● **WHAT IS NEEDED**:
Write again exactly the lines in the listing below, starting at the line with "ガラス面にドライフラワーを挟んだフレームアレンジです。" and ending at the line with "Camel Aurora Pink", both included. Pictures are not copied.

● **DATA TO PROCESS**:
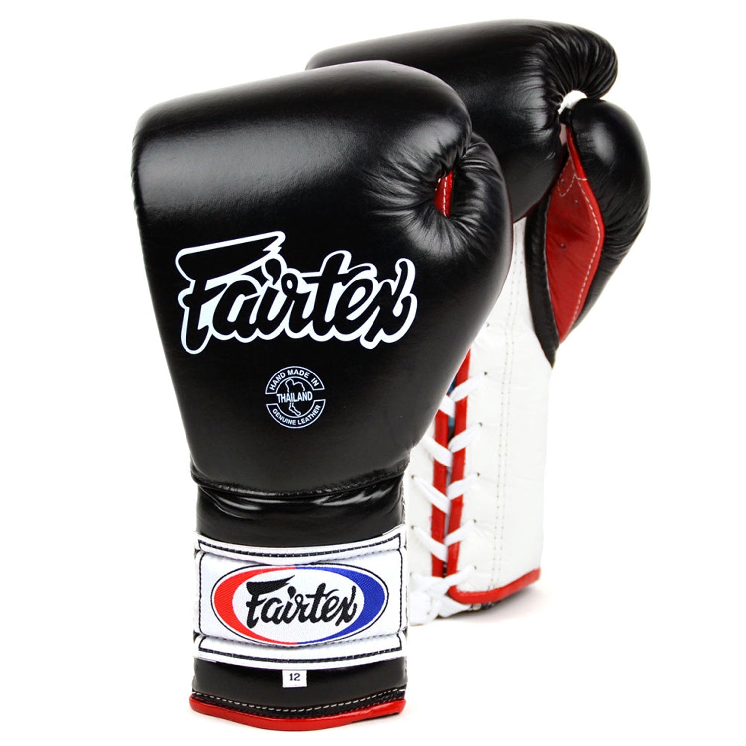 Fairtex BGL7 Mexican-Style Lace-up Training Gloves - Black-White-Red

--

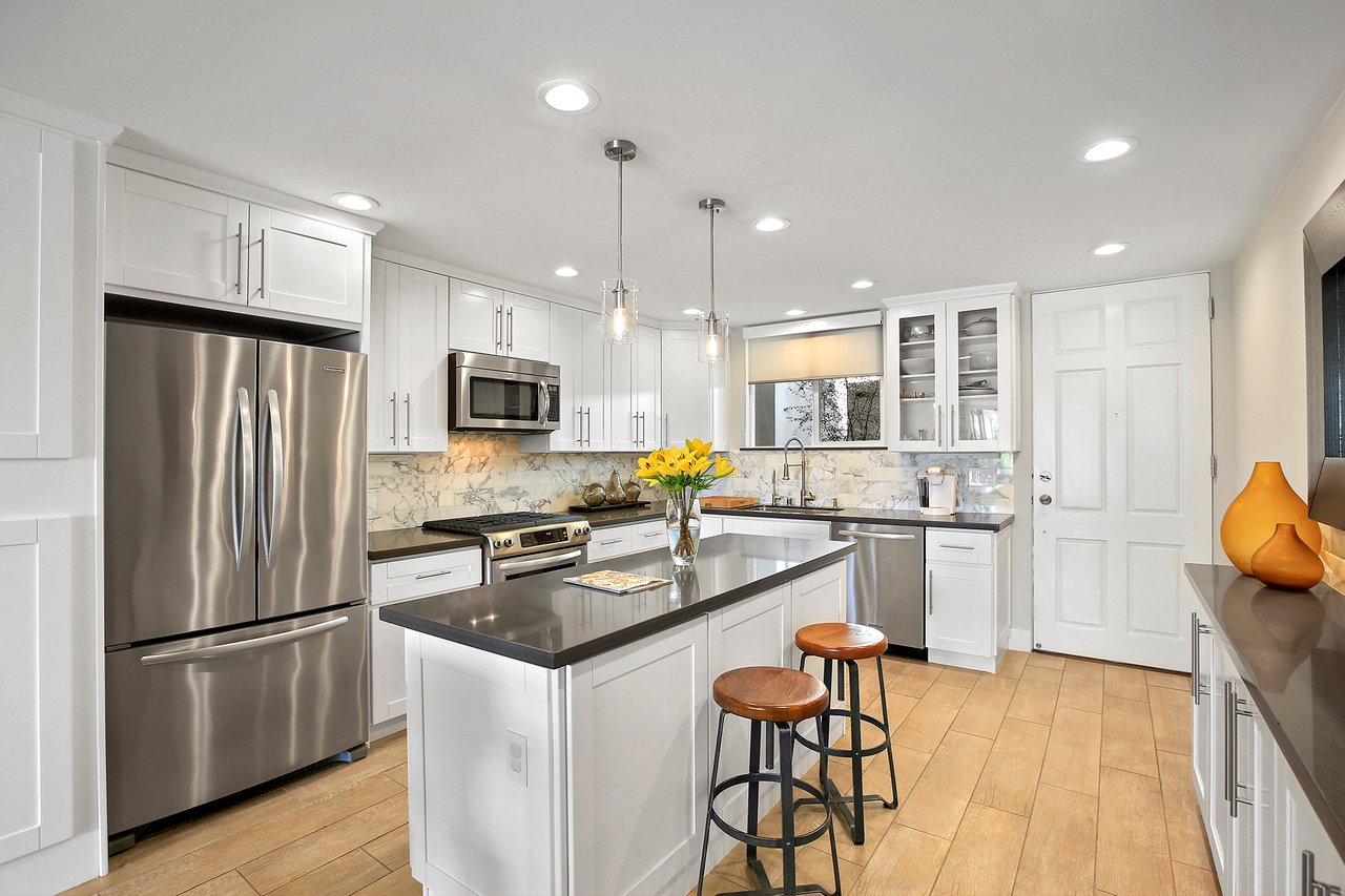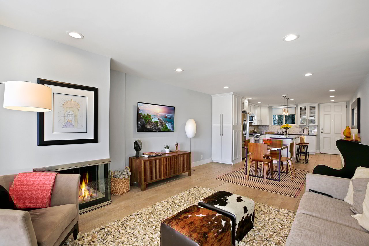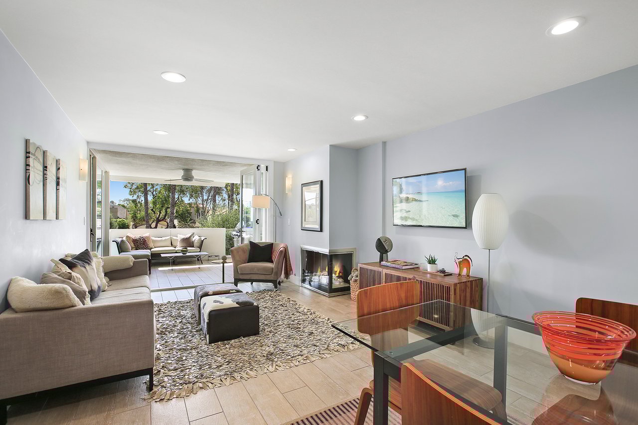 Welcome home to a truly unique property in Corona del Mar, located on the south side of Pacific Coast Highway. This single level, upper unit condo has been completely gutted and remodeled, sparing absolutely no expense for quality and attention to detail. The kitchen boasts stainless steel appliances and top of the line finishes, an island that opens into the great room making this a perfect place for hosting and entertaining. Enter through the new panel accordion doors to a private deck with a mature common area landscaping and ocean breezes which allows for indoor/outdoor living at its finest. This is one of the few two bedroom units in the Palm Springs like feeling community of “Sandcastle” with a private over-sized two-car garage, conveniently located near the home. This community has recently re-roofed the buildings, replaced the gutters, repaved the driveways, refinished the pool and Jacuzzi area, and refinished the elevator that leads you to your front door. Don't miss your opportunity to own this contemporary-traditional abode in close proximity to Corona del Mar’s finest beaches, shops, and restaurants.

--

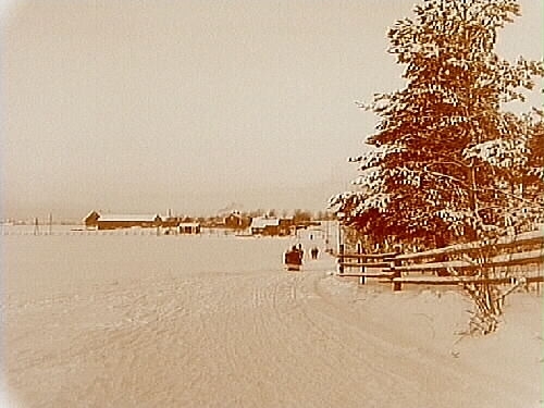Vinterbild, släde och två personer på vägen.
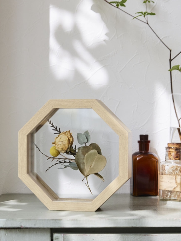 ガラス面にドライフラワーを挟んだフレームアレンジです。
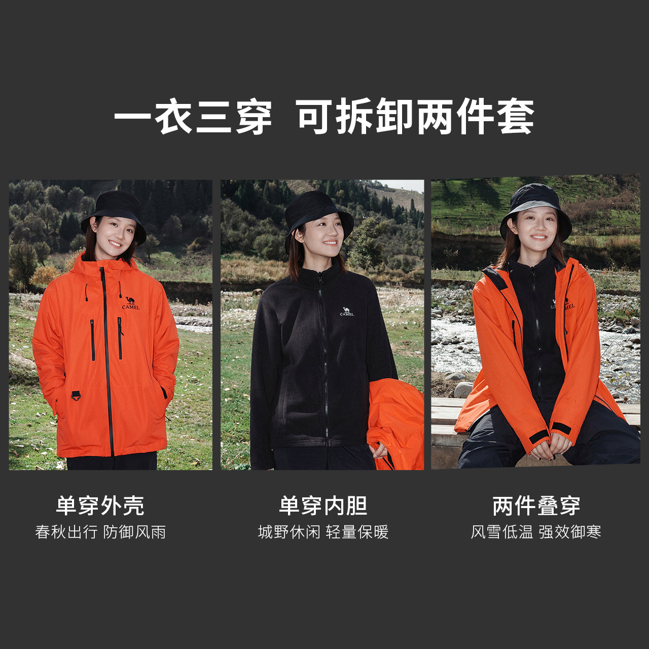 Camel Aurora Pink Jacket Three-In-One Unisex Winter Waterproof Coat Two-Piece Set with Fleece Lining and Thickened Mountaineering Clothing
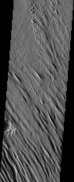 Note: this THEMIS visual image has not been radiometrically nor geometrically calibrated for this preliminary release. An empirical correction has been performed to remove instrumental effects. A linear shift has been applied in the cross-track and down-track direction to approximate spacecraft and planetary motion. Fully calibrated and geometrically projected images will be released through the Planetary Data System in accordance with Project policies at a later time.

● **SOLUTION**:
 ガラス面にドライフラワーを挟んだフレームアレンジです。
 Camel Aurora Pink Jacket Three-In-One Unisex Winter Waterproof Coat Two-Piece Set with Fleece Lining and Thickened Mountaineering Clothing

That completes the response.